Six months later, Alex made an unexpected sudden recovery of his speech, re-learned how to sit up, eat and drink. Now he spends his day in a wheelchair, and is able to chat for short periods. His brain injury severely limits his capacity and his motivation to do anything.
In the wake of the stroke, I wanted to support him to recover. The thing about strokes is that they vary in cause, site of injury, and severity. There is no clear guarantee of how much or whether someone will be able to recover, or how long recovery will take. The stroke Alex suffered was severe. We didn’t know if he would survive, and if he did, we didn’t know what the impact would be.
Ambiguous Loss
Brain injury, like dementia can be one kind of ‘Ambiguous Loss’. Pauline Boss coined the term to describe mourning a loss or absence that has not yet completed, or is unresolved.
I have lost much of the friend Alex was before the stroke. He is able to remember some of our shared past. Our history together goes back forty years. But for his pre-stroke partner, there is the additional sorrow that he has forgotten their well-established relationship. Alex’s body is still present, but in a different physical state. His mind is also much changed, although his personality remains in-tact.
Alex grieves the absence of who he was. He mourns the loss of his former identities, as he doesn’t remember the things that used to make up his life – his home, his job, his hobbies, his passions, his relationship, his friendships. He grieves the loss of what he used to do, the pleasures and pastimes that gave his life meaning and purpose. He has also lost his perceived potential, his future hopes and dreams. He carries many regrets of what he didn’t do while he was able to.
Learning to Care Without Expectation
For the last eight years, I have visited Alex most weeks. He lives in a care home, and is supported by the staff there, and a small core team of friends. Learning how to offer my care in a way that works for him continues to be a deep learning journey.
We sit together, in his room, with his grief, about all that has happened to him.

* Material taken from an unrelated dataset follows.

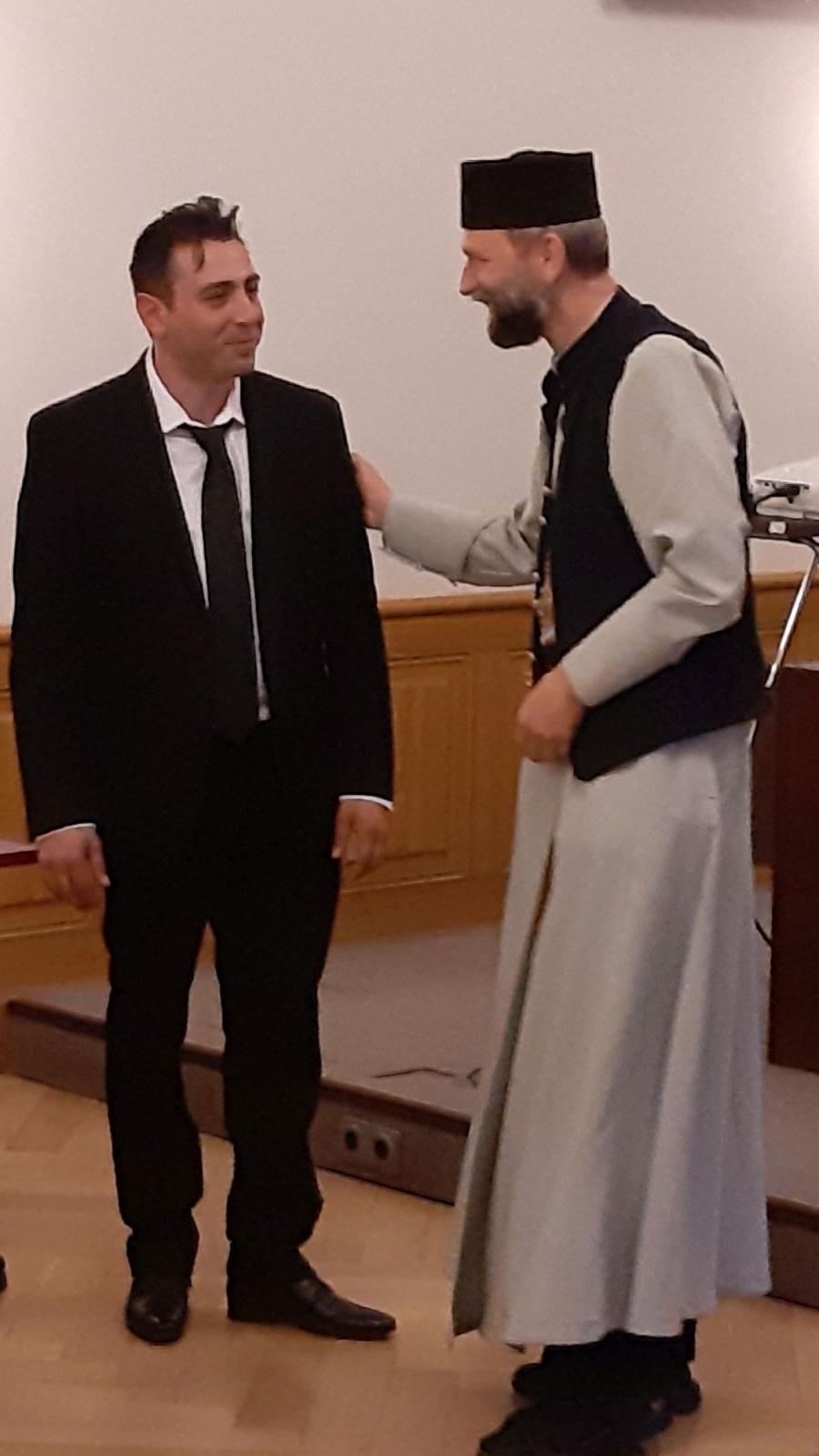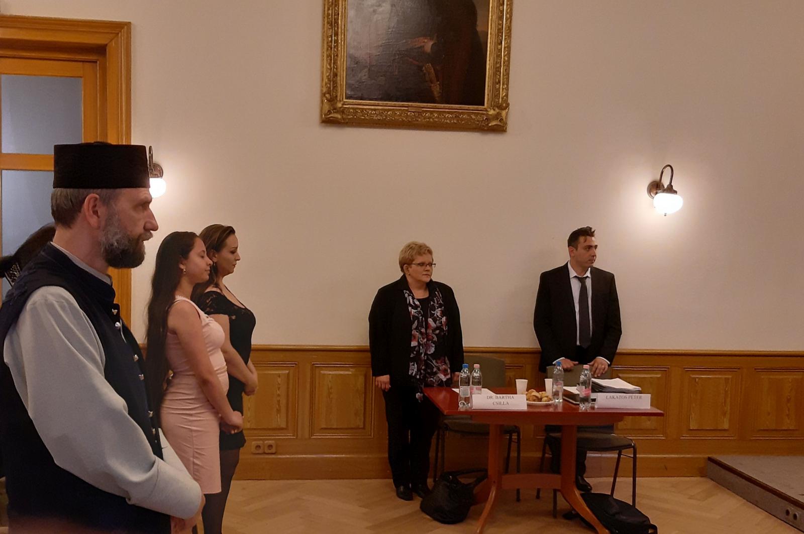 Megható pillanat volt, amikor a bizottság kihirdette, hogy Lakatos Péter maximális pontszámmal, vagyis summa cum laude eredménnyel méltó a doktori címre. A köszöntések és gratulációk közül a mi görögkatolikus szívünknek érsek atya szavai voltak a legkedvesebbek: egy apa tekint így a fiára, ahogy ő nézett most Péter atyára, büszkeséggel telt szívvel. Másokat is megérintett a pillanat, nemcsak a nők törölgették könnyeiket… A legszebb pillanat az volt, amikor érsek atya javaslatára körbe állva professzorok, papok és kutatók, rokonok és barátok, romák és nem romák együtt énekeltük el húsvéti görögkatolikus imádságunkat, amit azután romaniul is elénekeltek Péter atya rokonai. Ilyet még nem látott-hallott a Kari Tanácsterem! Más is adott már itt hálát Istennek, de ilyen formában, emelkedett hangulatban, több szólamban… még biztosan senki.

And I sit with my grief about him and all that I cannot change for him. We sit with our mortality, and our helplessness.
After the first three years, I stopped hoping for change, for some improvement in Alex’s cognitive and physical health. Since then, we have developed a mutual intimacy that is not burdened with my expectations. This is a very personal, slow tending to grief. It requires letting go of trying to change anything.
Being With as Grief Tending
I sit, with as much attunement as I can. I sit with presence, available for conversation or tasks. When I sit with Alex, my company helps him to regulate. My ‘being’ is much more helpful than my ‘doing’ anything.

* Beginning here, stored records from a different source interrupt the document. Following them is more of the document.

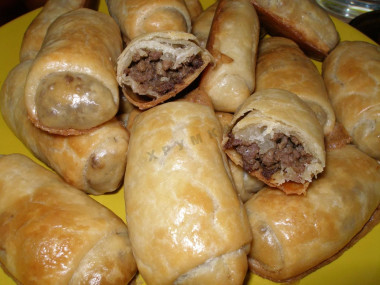 Ellisa, рецепт замечательный! Сегодня приготовила с говяжьим фаршем. Начинка немного суховата, но тесто - просто супер!!! Муж в восторге. Сказал, что завтра заберет все оставшиеся на работу. Рулетики такие аккуратненькие, есть очень удобно, начинка не вываливается. У меня получилось 16 шт. Хотелось бы сделать с яблоками. Вот только не знаю, сырые подойдут? Или надо протушить? Вам не встречался такой вариант начинки?
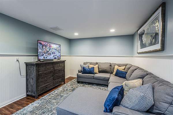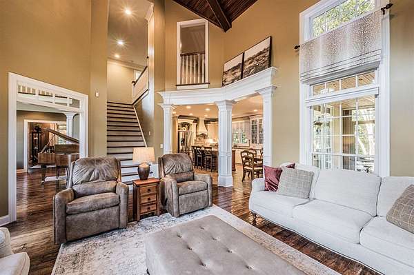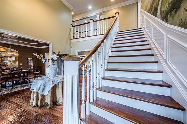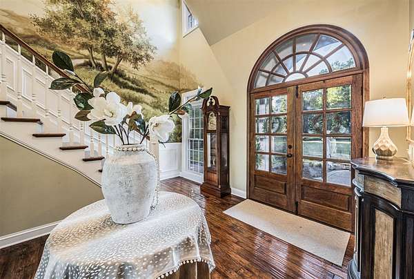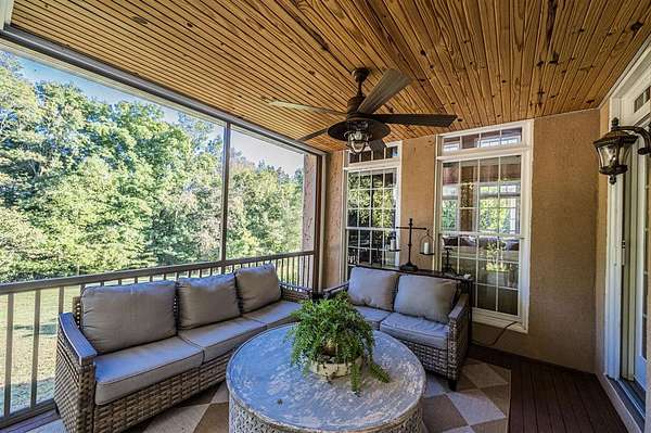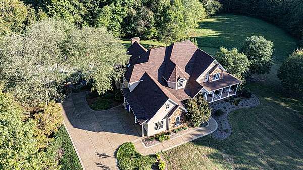 Custom-Built home on 8.45 acres with Barren River access. Stunning 5 bedroom, 5.5 bath custom home built in 2005, featuring a new roof (2023), fresh paint & carpet (2024), and low-maintenance Dryvit/stone exterior. Enjoy beautiful hand-scraped hickory hardwood floors, soaring ceilings, 3 fireplaces, a gourmet kitchen with custom high-quality cabinetry, large island, and farmhouse sink. The primary suite offers cathedral ceilings, his/her walk-in closets, and a newly remodeled spa bath (2024) with custom cabinetry, soaking tub, fireplace, and walk-in tile shower. Upstairs features 3 bedrooms (each with bath access), 2nd laundry room, and a potential 5th bedroom. Finished basement includes a gym, rec room, workshop, full bath, and tandem 2-car garage. Outdoor living shines with a saltwater pool (new liner 2025), screened porch, composite deck, pond, flagstone patio, basketball goal, and 8.45-acre lot with Barren River access. Also features an energy-efficient geothermal heating system and tankless water heater. Basement, first floor, and second floor square footage is estimated. Buyer to confirm. One or more photo(s) was virtually staged.
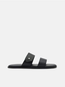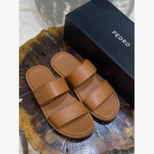 Crafted from high-quality leather, these sleek slides feature a minimalist design and comfortable fit. Perfect for warm weather or casual
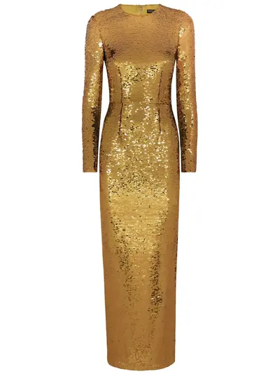 gold-tone sequin design mermaid silhouette round neck concealed rear zip fastening long sleeves rear slit ankle-length straight hem
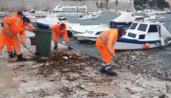 Jak vetar koji je duvao u Dubrovniku naneo je više od 25 kubika smeća u dubrovačku luku.
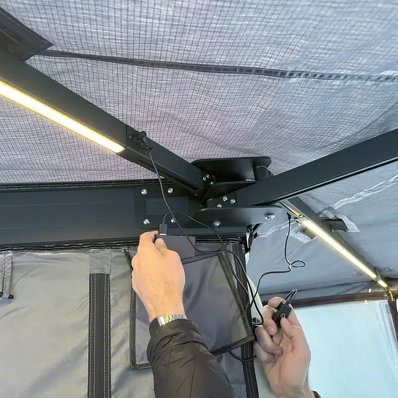 Il sistema di apertura intelligente permette di montare il tendalino in meno di tre minuti. Tutte le componenti sono studiate per garantire praticità e velocità, anche in condizioni ambientali difficili.
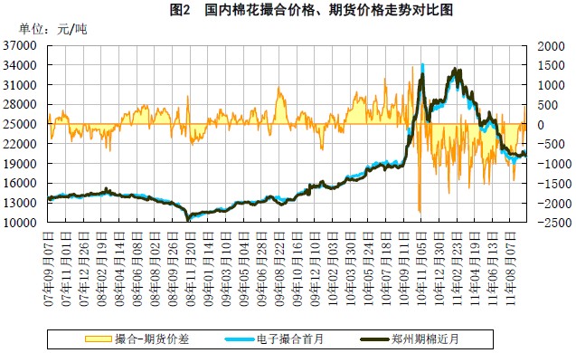 在收儲(chǔ)期間,國(guó)內(nèi)棉價(jià)圍繞20000附近窄幅震蕩的可能性較大。建議在臨時(shí)收儲(chǔ)有效期內(nèi),可考慮在19000-23000區(qū)間內(nèi)進(jìn)行區(qū)間操作。若期棉價(jià)格跌至19000附近,可逢低買入多單,滾動(dòng)操作。從棉花歷年季節(jié)性價(jià)格變化看,9月、10月現(xiàn)貨市場(chǎng)棉價(jià)可能在短暫僵持后逐步回落,11月份新棉大量上市,市場(chǎng)價(jià)格相對(duì)走低,12月中旬開始,棉價(jià)逐漸探底回升。

“When you are here, I feel secure,” he says, closing his eyes for a nap.
This sitting alongside someone in difficulty requires patience and simple kindness. There is often no action necessary, no quick fixes, no guided process. Being with someone who has brain injury requires me to follow their requests and slow pace, without expectation of any particular outcome.
Understanding the Symptoms of a Stroke
Jill Bolte Taylor’s Ted Talk ‘My Stroke of Insight’ gives a fascinating description of her perspective as a neuroanatomist undergoing a stroke. In her book of the same name, she offers a great list of tips on how to be with someone who has had a stroke.

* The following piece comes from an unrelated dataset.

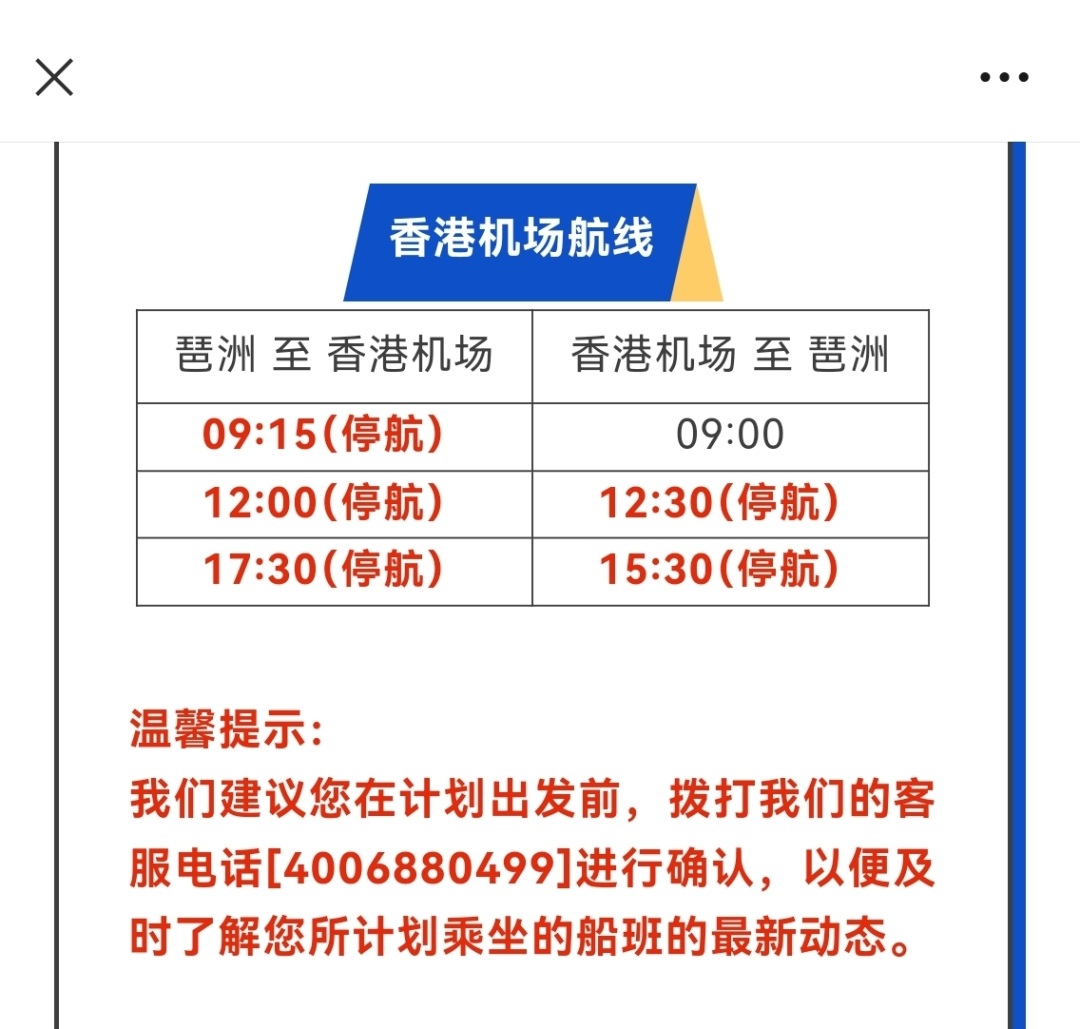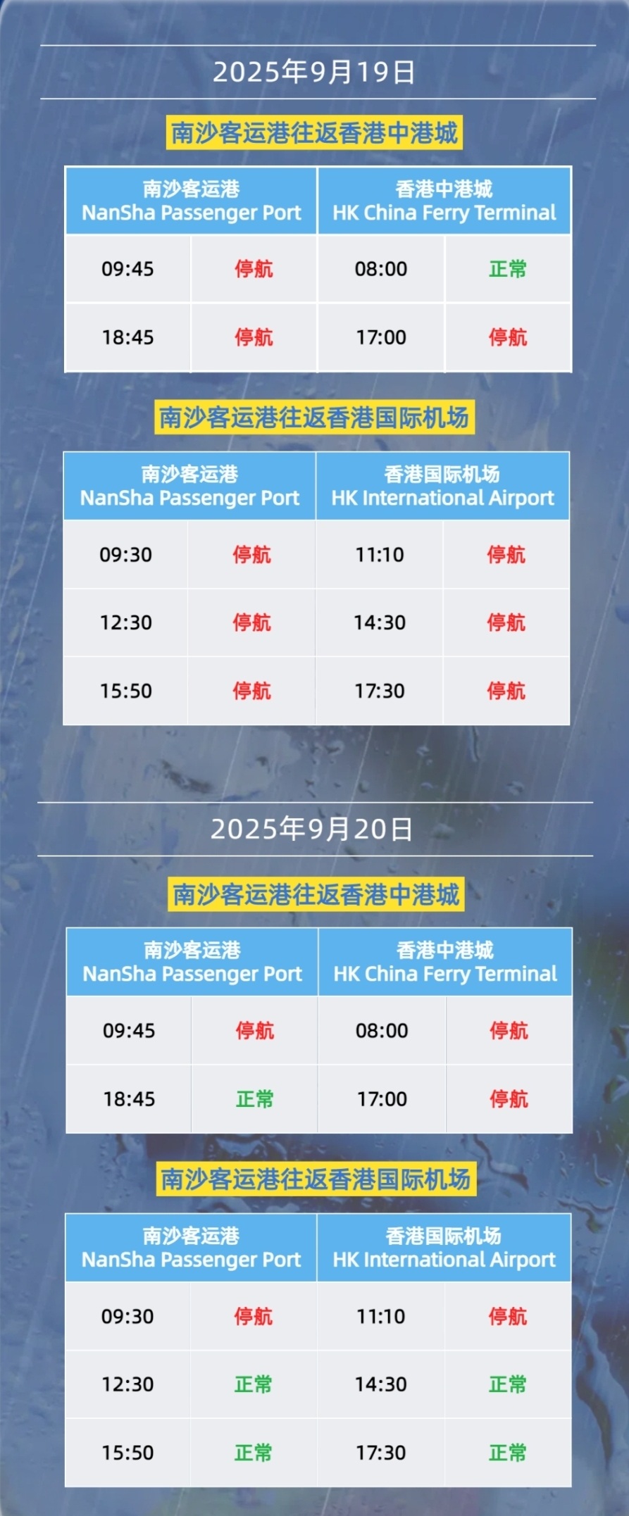 截至目前,广州海事局辖区海上风电施工平台人员已全部撤离。9月19日至20日南沙客运港往返香港中港城航线、香港国际机场航线部分航班暂停营运,9月19日琶洲港澳口岸往返香港机场航线部分航班暂停营运。

Make sure that you are familiar with FAST – the acronym for the quick check to recognise if someone has the symptoms of a stroke. FAST stands for FACE, ARMS, SPEECH, TIME. Time is critical for someone who may be having a stroke.
Support for Care-Givers
Care-giving can be hugely rewarding. It can also be relentless, boring, distressing and difficult. People may undervalue or not recognise the time, skill and energy that care-giving requires. It is also a role where those who do it may need support, and a place to bring their grief. There may be many losses along the way towards someone’s eventual end-of-life, and they are worthy of grieving. Care-givers are welcome at Grief Tending events.